Multiformat listening test @ ~64kbps: Results

Reply #22
# 27 are my results. I do not know, if something went wrong, but I am definitely not a cheater.
Over a week ago, I sent Igor some wave-files he asked for, but he did not answered my email jet.


I think it's really unfortunate that Igor released a file with the word cheater in it.  There are so many ways for a result to go weird which have nothing to do with "cheating".

Your results can be excluded purely based on the previously published confused reference criteria (2,4,9,22,30 invalid),  so that should close the question on correctness of excluding those results and it should have been left at that.  Even with good and careful listeners this can happen, and it's nothing anyone should take too personally.

Though, your results are pretty weird— You ranked the reference fairly low (e.g. 3) on a couple comparisons where many people found the reference and codec indistinguishable.  I think you also failed to reverse your preference on some samples where the other listeners changed their preference (behavior characteristic of a non-blind test?).

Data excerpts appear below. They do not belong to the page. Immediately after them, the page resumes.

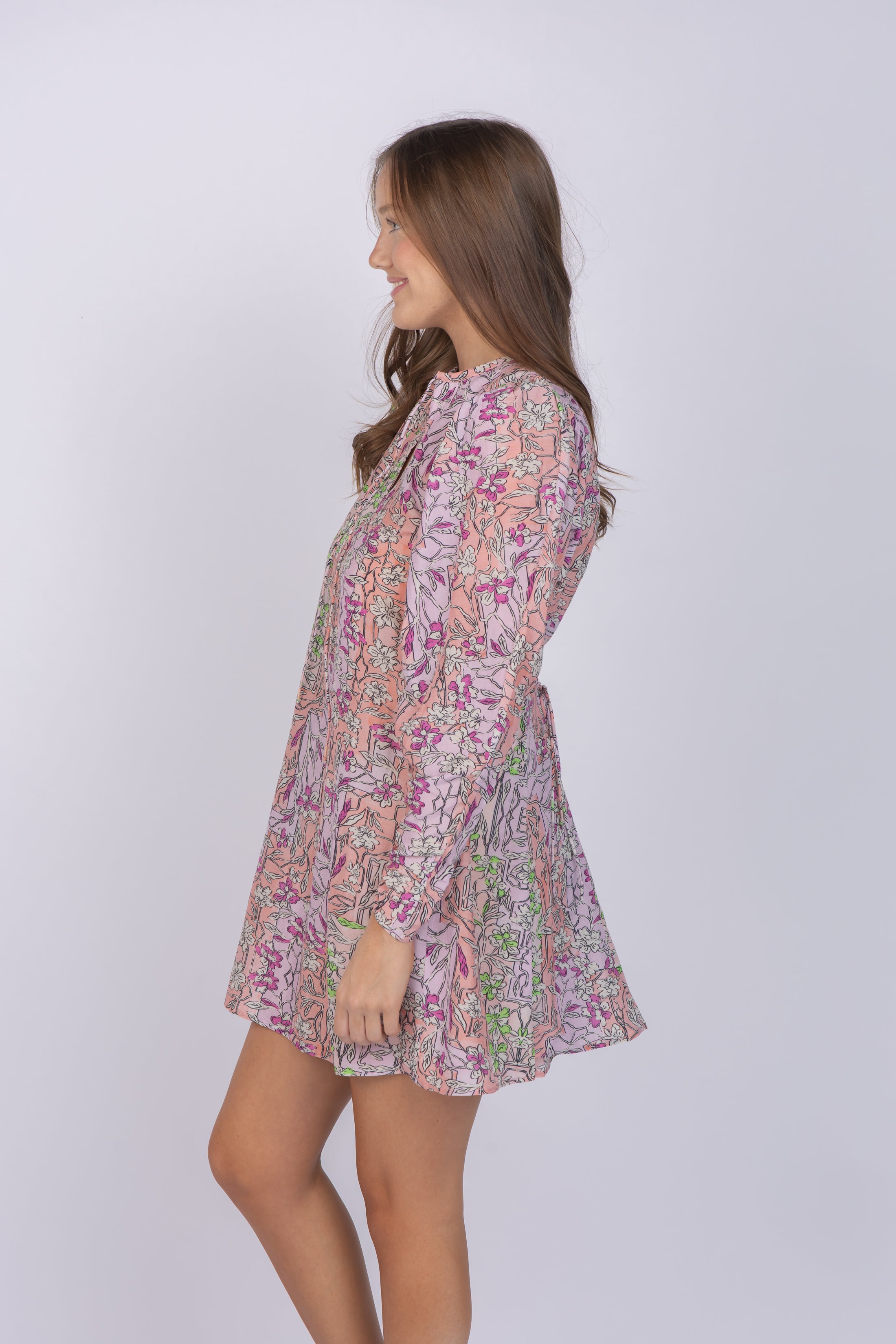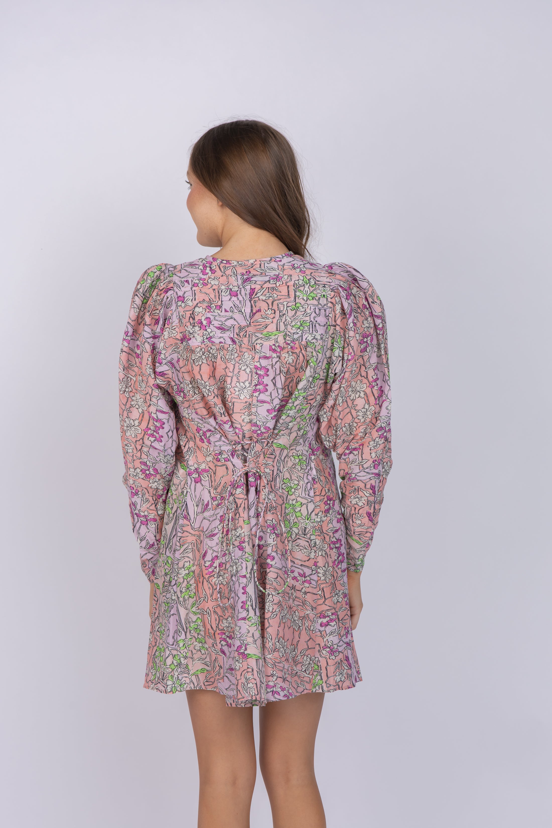 Brighten up your next getaway with the Maria Cher Zapala Lupe Short Dress, featuring a beautiful pink and green pattern perfect for the beach or pool. The tie-back design flatters your figure and defines your waist for an unforgettable look. Step out in style and make a statement!
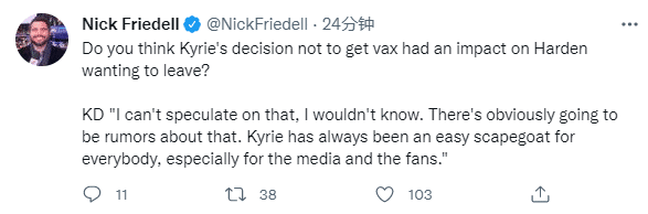 当被问及欧文不接种疫苗是否对哈登想要离开有影响时,杜兰特回答道:我不能推测,我也不知道。很明显会有有关这方面的谣言。欧文一直都是所有人的替罪羊,尤其是对媒体和球迷来说。
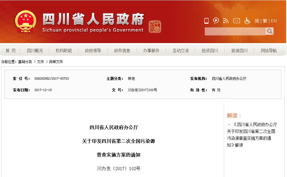 省政府办公厅近日印发《四川省第二次全国普查实施方案》,对四川省第二次全国工作进行全面部署,要求各级各部门在三年内摸清工业污染源、农业污染源、生活污染源、集中式污染治理设施、移动源等各类污染源的情况。普查对象为四川省行政区域内有污染源的单位和个体经营户,普查标准时点为2017年12月31日。普查工作分...
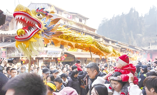 1月17日,四川省雅安市雨城区2026年年猪文化旅游系列活动在上里古镇举行。活动现场推出“喜宴+年猪”剧目演绎,配合民俗文化巡游、非遗展演、吃坝坝宴等活动,让市民游客提前感受浓浓年味。图为当日,在雅安上里古镇,市民游客观看舞龙表演。 新华社发

I don't mean to cause offense, but were you listening via speakers or could you have far less HF sensitivity than most of the other listeners (if you are male and older than most participants then the answer to that might be yes)?  Any other ideas why your results might be very different overall and also on specific samples?

Multiformat listening test @ ~64kbps: Results

Reply #23
Regarding the bitrate table,
I guess that CELT/Opus is not supported in any program that can display and/or export accurate bit rate data.
If the bitrate needs to be calculated from the file size should the size of the ogg container data be reduced from the file size before performing the calculation? What would be the correct amount?
Would the bitrate value then be comparable with the values that foobar shows for the other contenders? (It is quite simple to export bitrate data from foobar.)


If you wish to remove container overhead for the Vorbis and Opus files you can use a tool like ogg-dump from oggztools to extract all the packet sizes.

On a few samples Vorbis suffers a bit because the Vorbis headers are fairly large compare to an 8 second 64kbit/sec file (e.g. Sample01) but I don't think the container overhead is all that considerable.

Multiformat listening test @ ~64kbps: Results

Reply #24
Yes, I was too strict. Sorry about it.

Some of the listeners prefer Nero over Vorbis or vice versa. Some of them have rated Vorbis higher against HE-AAC codecs.
Other preferred Apple HE-AAC over CELT on second half of samples. These variations are all fine.
Finally on average Opus/CELT was better for all listeners with enough results.
It was very strange that you have ranked the Opus as low as low anchor! (like sample 10 and much others) where ALL other listeners scored it very well.
You average scores (including 5 invalid samples):
Vorbis - 3.53
Nero - 3.15
Apple -3.51
CELT - 2.34


Maybe your hardware has some issues.

Earlier I also wrote you to re run again the whole test  because there were 5 invalid results and all test was discarded.